UPDATED: 'Officer Down' Call During Sikh Temple Shooting Prompts Quick Greenfield Response
Greenfield Police Chief Brad Wentlandt briefed reporters throughout the day, and the Greenfield Fire Department was quickly on the scene at Sunday's Sikh temple shooting in Oak Creek.
Updated 3:15 p.m. Aug. 6 with reaction from Greenfield Police Chief Brad Wentlandt
Several local police and fire departments responded to the tragic mass shooting at a Sikh temple in Oak Creek on Sunday.
Among them were Greenfield’s.
“I went down to the command post to offer any assistance,” Wentlandt said. “(Oak Creek) Chief (John) Edwards said the one area he really needed assistance at that time, because they were engaged in the tactical aspects of the situations, was someone to wrangle the media.”

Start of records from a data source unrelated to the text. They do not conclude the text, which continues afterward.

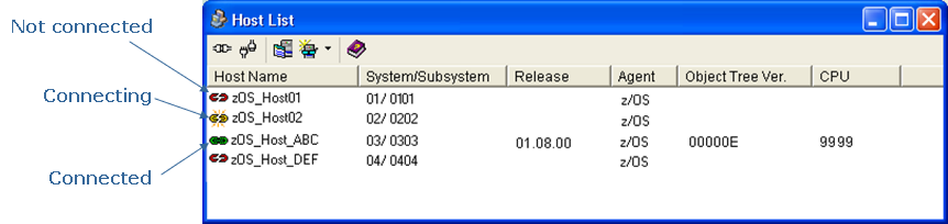 The Windows Client stores the host definition. The definition will be displayed in the Host List dialog. The Host List dialog displays defined hosts and their connection status, as shown in the following sample: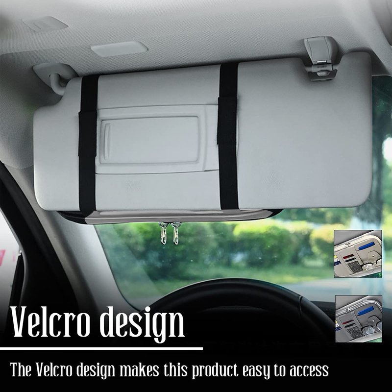 - 【Install & Remove】: The back of the visor organizer has two tough and flexible elastic straps with Velcro, so you can easily secure it to your visor. In addition, the elastic straps are freely adjustable, so you can remove it very quickly when you don't need it. It provides more storage space for the interior of your car and keeps it clean and organized.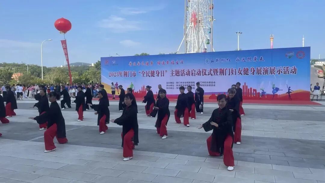 此次活动由荆门市文化和旅游局、荆门市妇女联合会主办,东宝区文化和旅游局、东宝区妇女联合会承办,东宝区妇女健身协会协办。市妇联党组书记、主席李玉泉,市文化和旅游局党组成员、副局长余作富,区委副书记、区委政法委书记梅勇出席启动仪式。启动仪式上,由区老年体育协会副主席、区妇女健身协会党支部书记樊翠兰宣讲了党的二十大精神,解读了党的二十大报告中关于高质量推动体育各领域发展、加快推进体育强国新实践等内容。在随后的全民健身展演环节,各群众体育协会的健身爱好者表演了精彩的千人共舞、手杖操、三步踩、手拍鼓、太极拳、莲响、健身操、交谊舞、广场舞,节目精彩纷呈,各具特色,动静结合,老少皆宜,充分展示了健身达人们的风采,吸引了众多市民的目光,过往市民纷纷驻足拍照留念。此次启动仪式还为现场群众提供了国民体质监测服务及体育法治宣传服务,广大健身爱好者们积极参与,这为帮助群众科学有效地进行体育锻炼和保障全民健身运动的发展起到了助推作用。据悉,8月5日—6日在东宝文体中心羽毛球馆举办的2023年东宝区第四届“金文峰杯”职工羽毛球比赛也是今年东宝区“全民健身日”主题活动之一。此次赛事,为东宝区羽毛球爱好者搭建了交流和互动的广阔平台,展示了东宝区人民健康向上的体育精神和奋发有为的优良品质。

Wentlandt and two officers responded to Oak Creek after receiving a SMART call: suburban mutual assistance response team. While Wentlandt handled media requests, the officers took calls at the Oak Creek Police Department during the incident.
Wentlandt, whose department recently posted a Patch blog on active shooting situations, said police officers are prepared for mass shooting situations, but real-life is far different from training.
“There’s no way that any amount of simulation or training can prepare you for when it really happens every situation is different,” Wentlandt said.
Wentlandt called the efforts of Lt. Brian Murphy, the Oak Creek officer, who was shot 8-9 times and was in critical condition, "clearly heroic."
“The act of when you’re shot, waving officers away from you and telling them to go inside and help other people, he’s a hero,” Wentlandt said.
Fire Department among first on the scene
The Greenfield Fire Department was one of the first mutual aide partners to respond with ambulance support to the scene, according to Greenfield Police Chief Jon Cohn, who heard the call Oak Creek dispatchers put out about the shooting while sitting at his computer in his Hales Corners home.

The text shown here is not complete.